OpenAI is set to release a new AI agent called Operator, which can perform web tasks autonomously. The research preview will launch on January 23, 2025, for subscribers of OpenAI’s $200 per month ChatGPT Pro tier in the united states.
- OpenAI releases AI agent called Operator
- Operator uses browser for web interactions
- Combines vision capabilities with reasoning
- Self-corrects and requests user control
- Collaborates with companies for real-world needs
- Future integration into ChatGPT planned
Operator is designed to enhance user experience by automating tasks on the web. It employs a “Computer-Using Agent” model that combines the vision capabilities of GPT-4o with reinforcement learning for advanced reasoning. This allows Operator to interact with graphical user interfaces (GUIs) by typing, clicking, and scrolling through its own browser.
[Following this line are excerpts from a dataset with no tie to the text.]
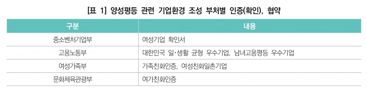 현재 운영 중인 여성이 일하기 좋은 우수기업 주요 인증제도는 △여성기업 확인서(중소벤처기업부) △대한민국 일·생활 균형 우수기업(고용노동부) △가족친화인증(여성가족부) △여가친화인증(문화체육관광부) △여성친화기업인증(지방자치단체) 등이다.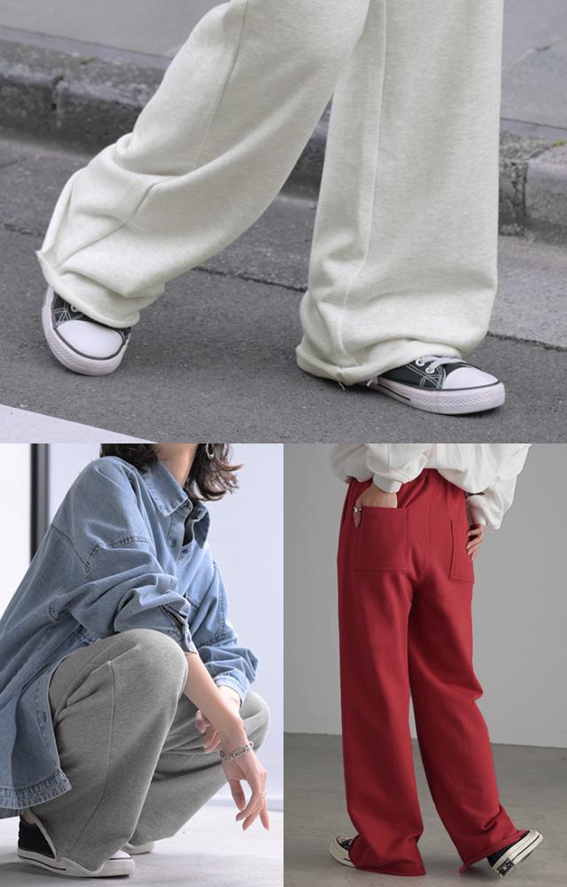 暖かくて着心地抜群の裏毛イージーワイドパンツです。
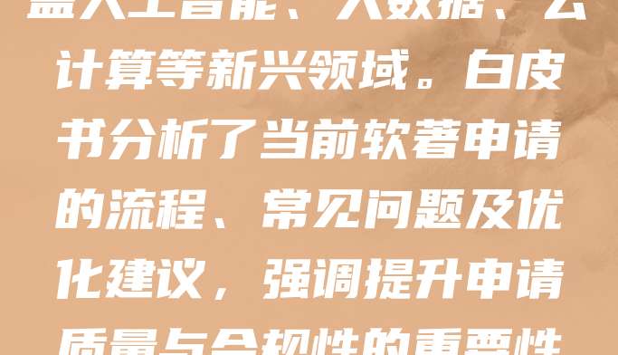 随着数字技术的快速发展,软件著作权(软著)申请日益成为企业保护知识产权的重要手段。软著申请行业白皮书指出,2023年我国软著登记量持续增长,涵盖人工智能、大数据、云计算等新兴领域。白皮书分析了当前软著申请的流程、常见问题及优化建议,强调提升申请质量与合规性的重要性。同时,报告呼吁加强政策引导与行业规范,推动软著制度更加高效、透明。未来,随着科技创新不断深化,软著保护将发挥更大作用,助力企业构建核心竞争力。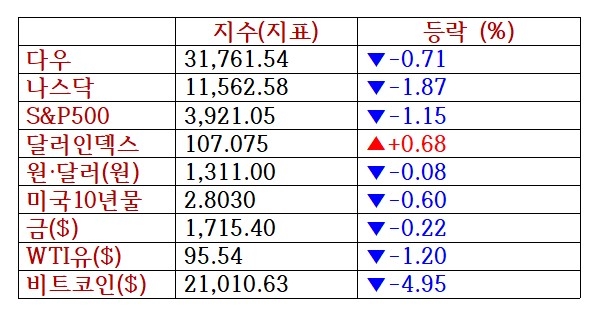 반도체주들도 엔비디아 2.885, 마이크론 0.81%, 필라델피아반도체지수 1.63% 등 일제히 하락 마감했다. 테슬라는 전거래일보다 3.57% 급락하며 776달러에 마감, 또다시 800달러선이 무너졌다.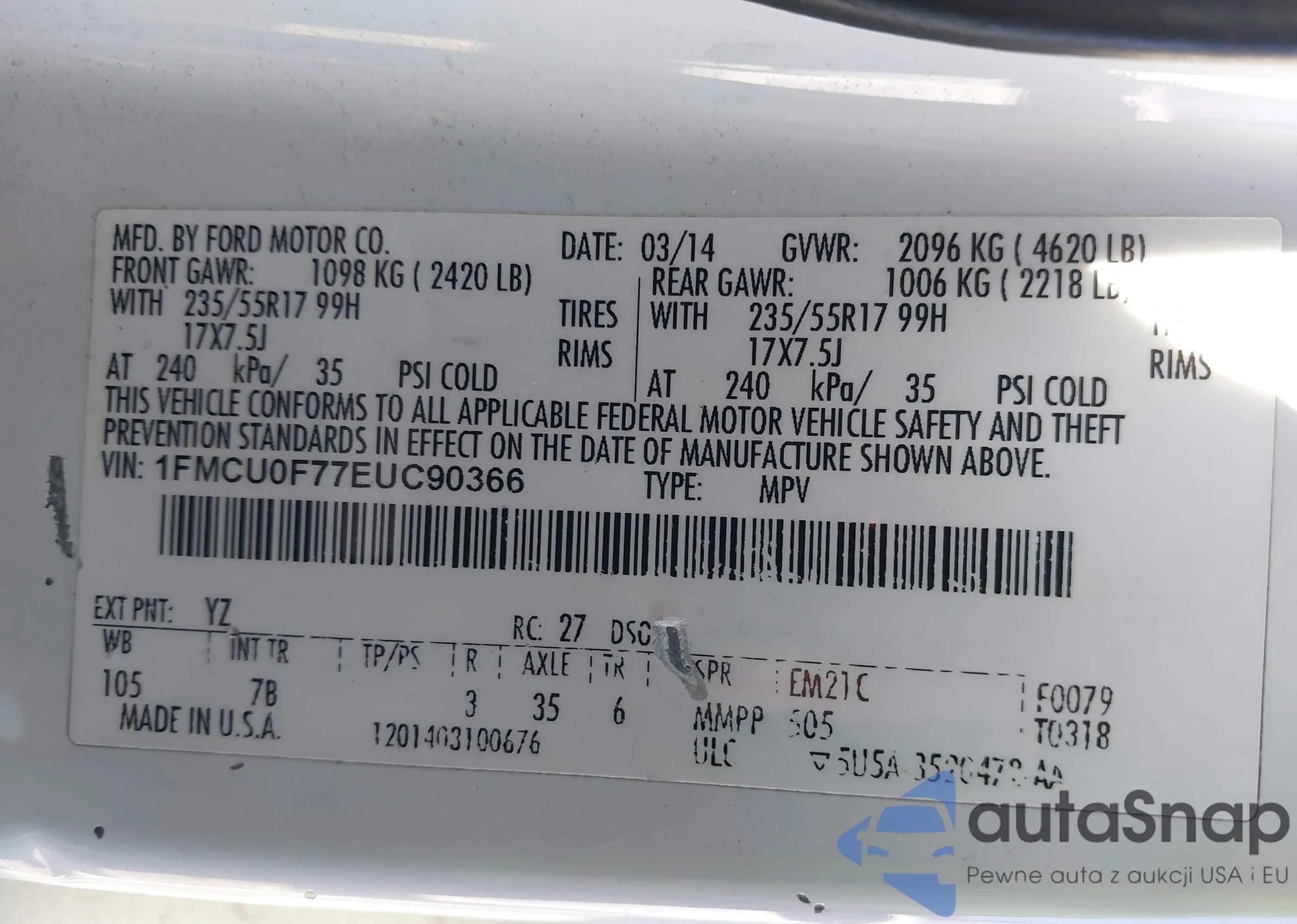 LOT: 43812648 VIN: 1FMCU0F77EUC90366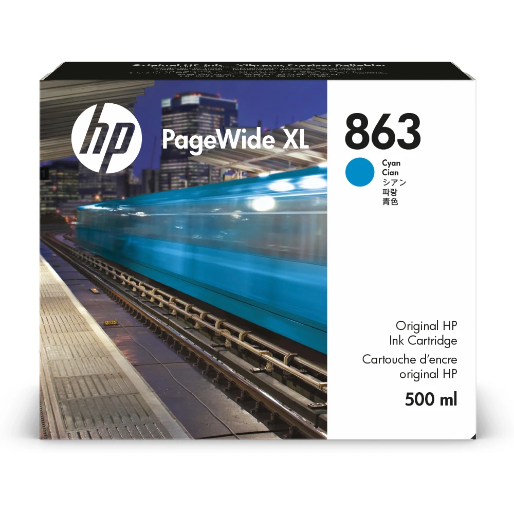 HP 863 500-ml Cyan PageWide XL Ink Cartridge. Colour ink type: Dye-based ink, Supply type: Single pack, Colour ink volume: 500 ml, Quantity per pack: 1 pc(s)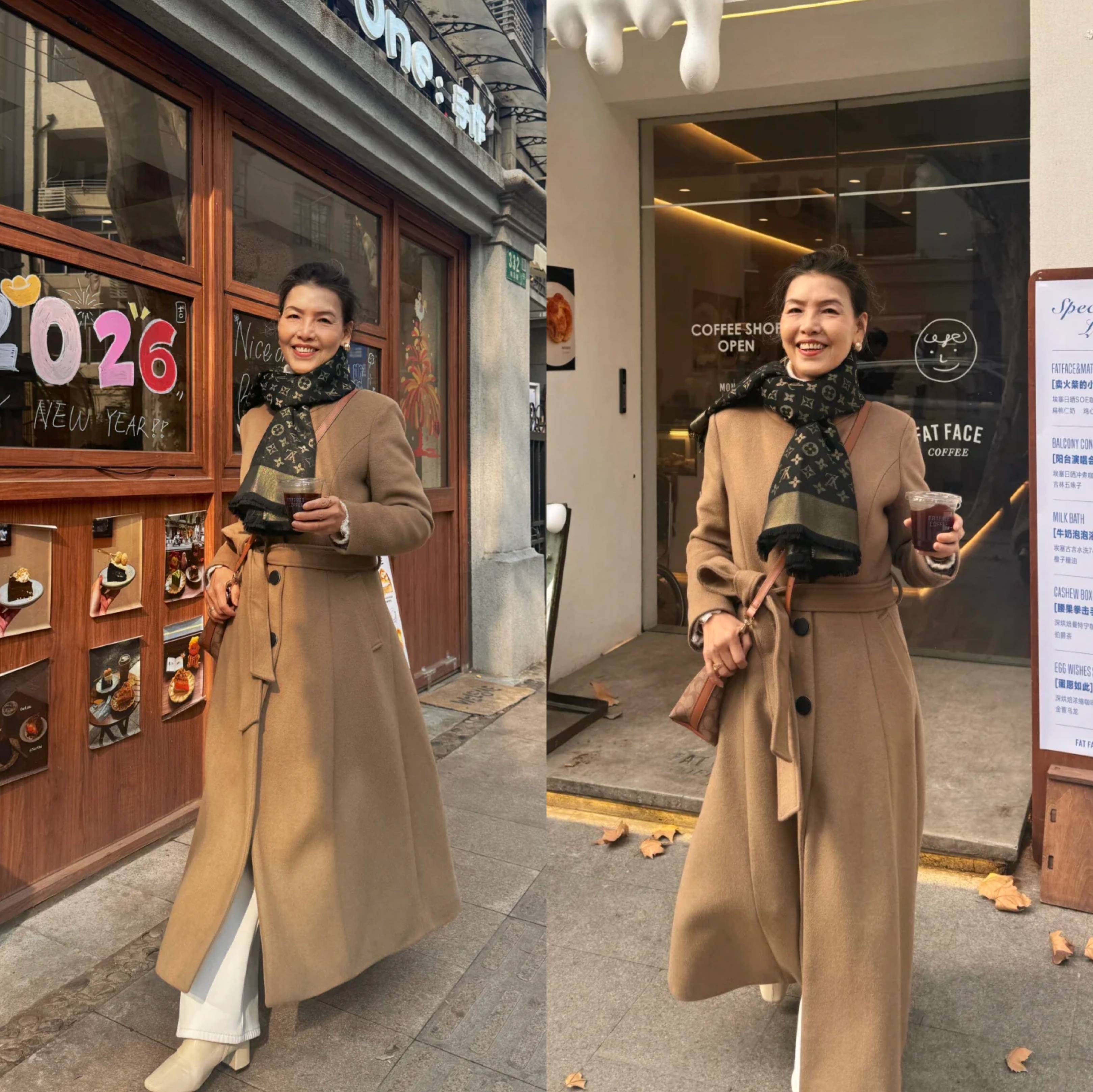 驼色长款大衣自带高级感,系上腰带凸显腰线,优化比例更显利落,白色直筒西裤清爽提亮,与卡其色粗跟短靴顺色延伸腿长;黑色老花围巾点睛,打破沉闷又添复古韵味。整体松弛有度,兼顾温度与风度,轻松穿出大龄女性的优雅从容。
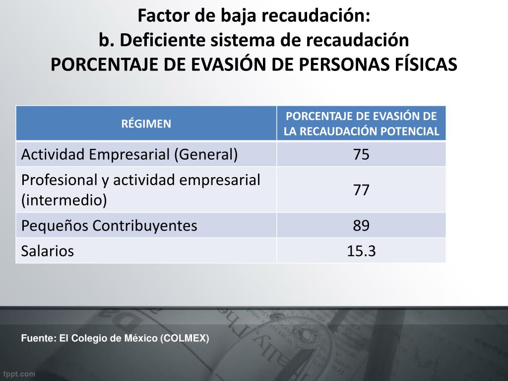 Factor de baja recaudación: b. Deficiente sistema de recaudaciónPORCENTAJE DE EVASIÓN DE PERSONAS FÍSICAS Fuente: El Colegio de México (COLMEX)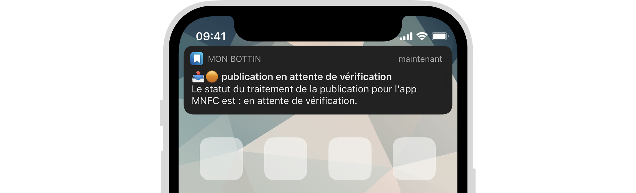 - Quelques instants plus tard vous recevez une notification ainsi qu'un email indiquant que le traitement de votre publication est en attente de vérification.
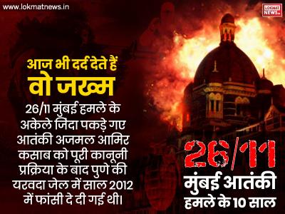26/11 मुंबई हमले के अकेले जिंदा पकड़े गए आतंकी अजमल आमिर कसाब को पूरी कानूनी प्रक्रिया के बाद पुणे की यरवदा जेल में साल 2012 में फांसी दे दी गई थी।
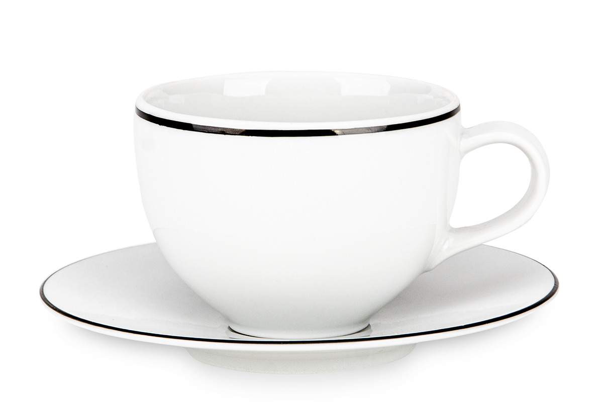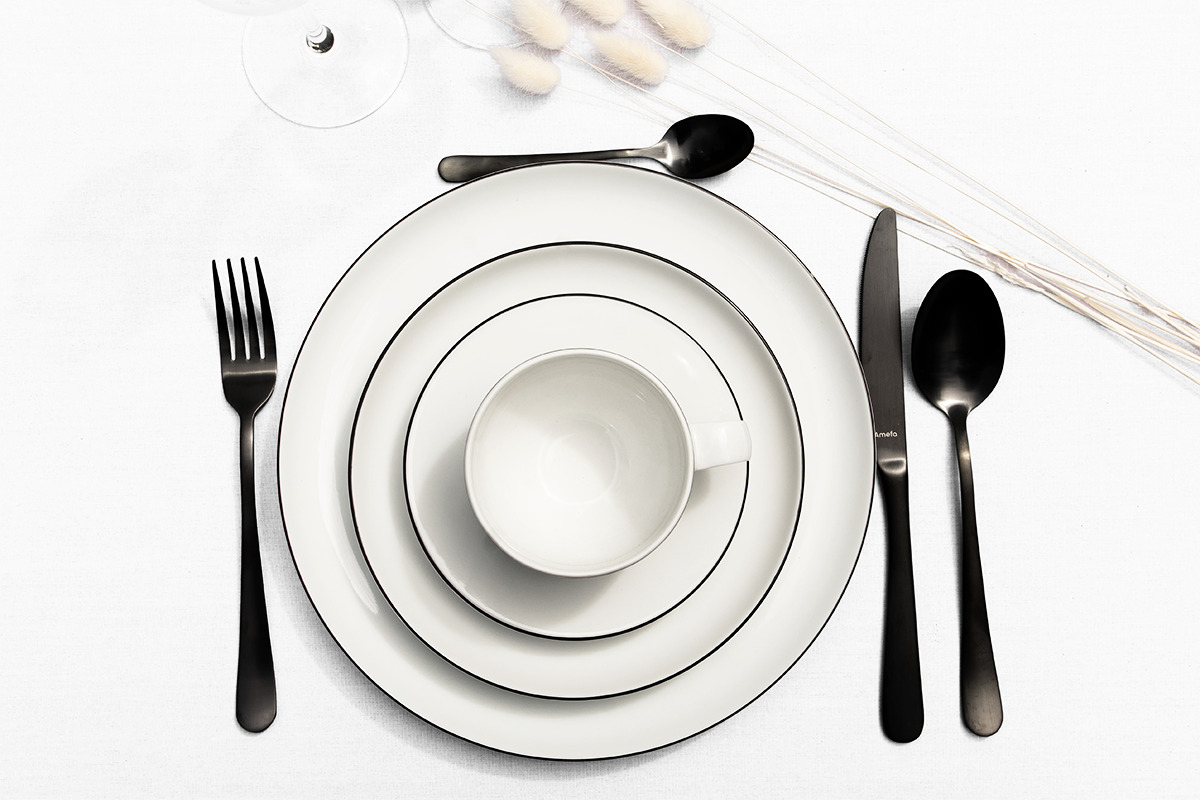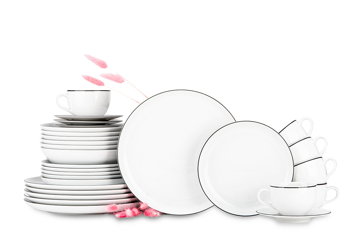 Zestaw zachwyca również eleganckim wykończeniem – podniesione czarne ranty subtelnie odcinają się od pięknej bieli. Ponadto klasyczne kształty i uniwersalne kolory sprawią, że kolekcja sprawdzi się w każdej sytuacji.Serwis nadaje się do mycia w zmywarce oraz do używania w kuchence mikrofalowej.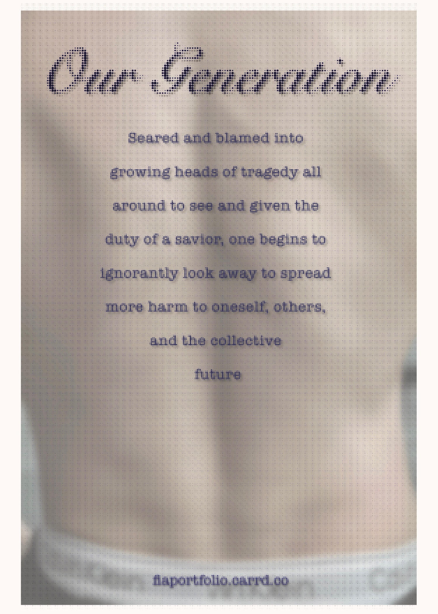 We, the class of ART 295, hosted a group exhibition at our college library for the last week of school. ART 295 was a professional class to help aid and better our skills as artists, students joined from many majors such as fashion, photography, studio art, etc. I, the sole graphic designer in the class, was tasked with creating a flyer to promote our showcase around campus.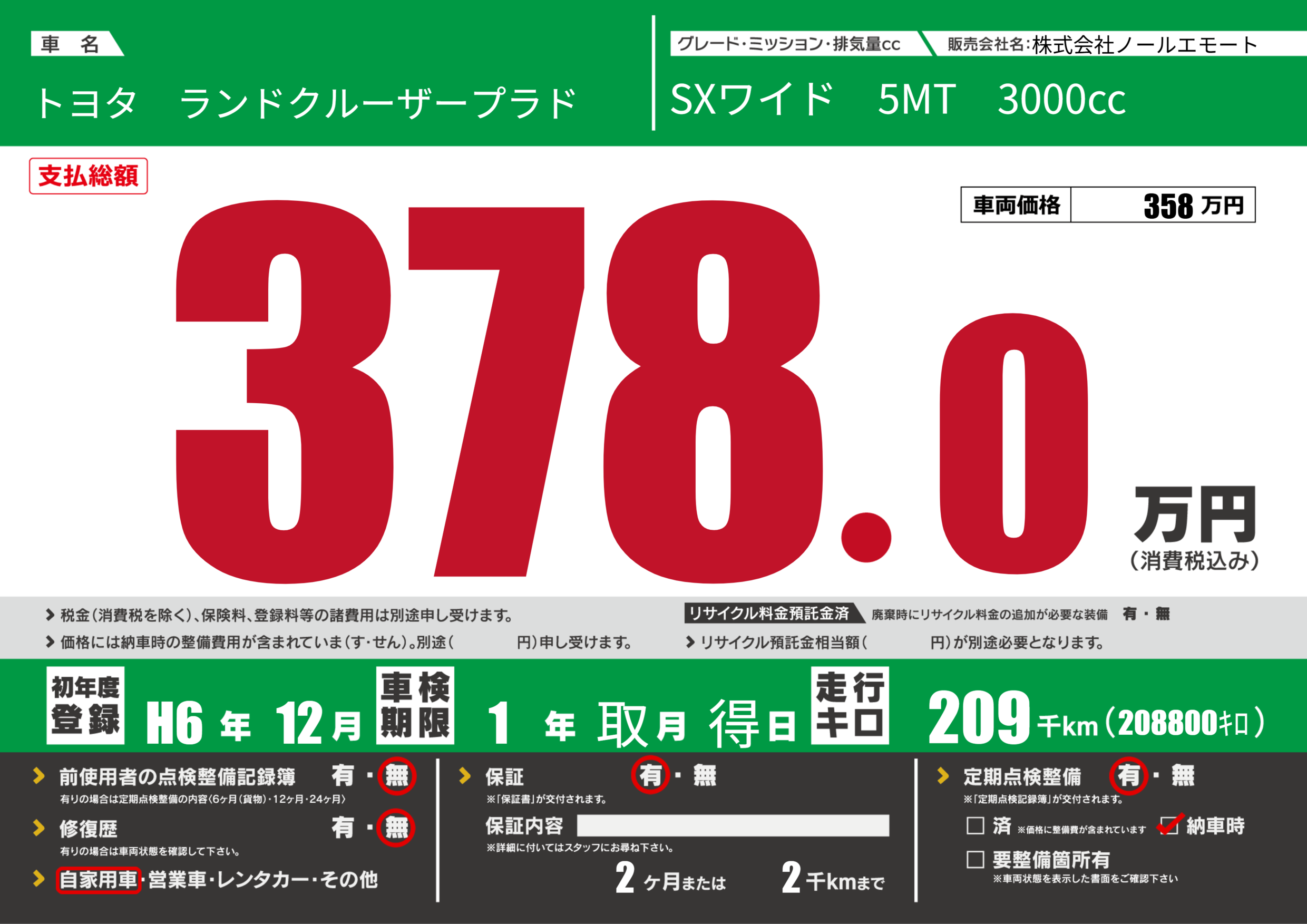 | 車名 | トヨタ ランドクルーザープラド | グレード ミッション 排気量 |

Key features of Operator include:
- Ability to “see” through screenshots and interact using standard mouse and keyboard actions.
- Self-correcting reasoning capabilities, allowing it to ask users for control when necessary.
- Designed to refuse harmful requests and block disallowed content.
OpenAI is collaborating with various companies such as DoorDash and Uber to ensure Operator meets real-world needs while adhering to established norms. However, the company notes that Operator may struggle with complex interfaces, such as creating slideshows or managing calendars. Future plans include expanding access to Plus, Team, and Enterprise users and integrating these capabilities into ChatGPT.
In summary, OpenAI’s Operator AI agent represents a significant step towards automating web interactions. With its advanced capabilities and planned expansions, it aims to address user needs effectively while maintaining safety and compliance.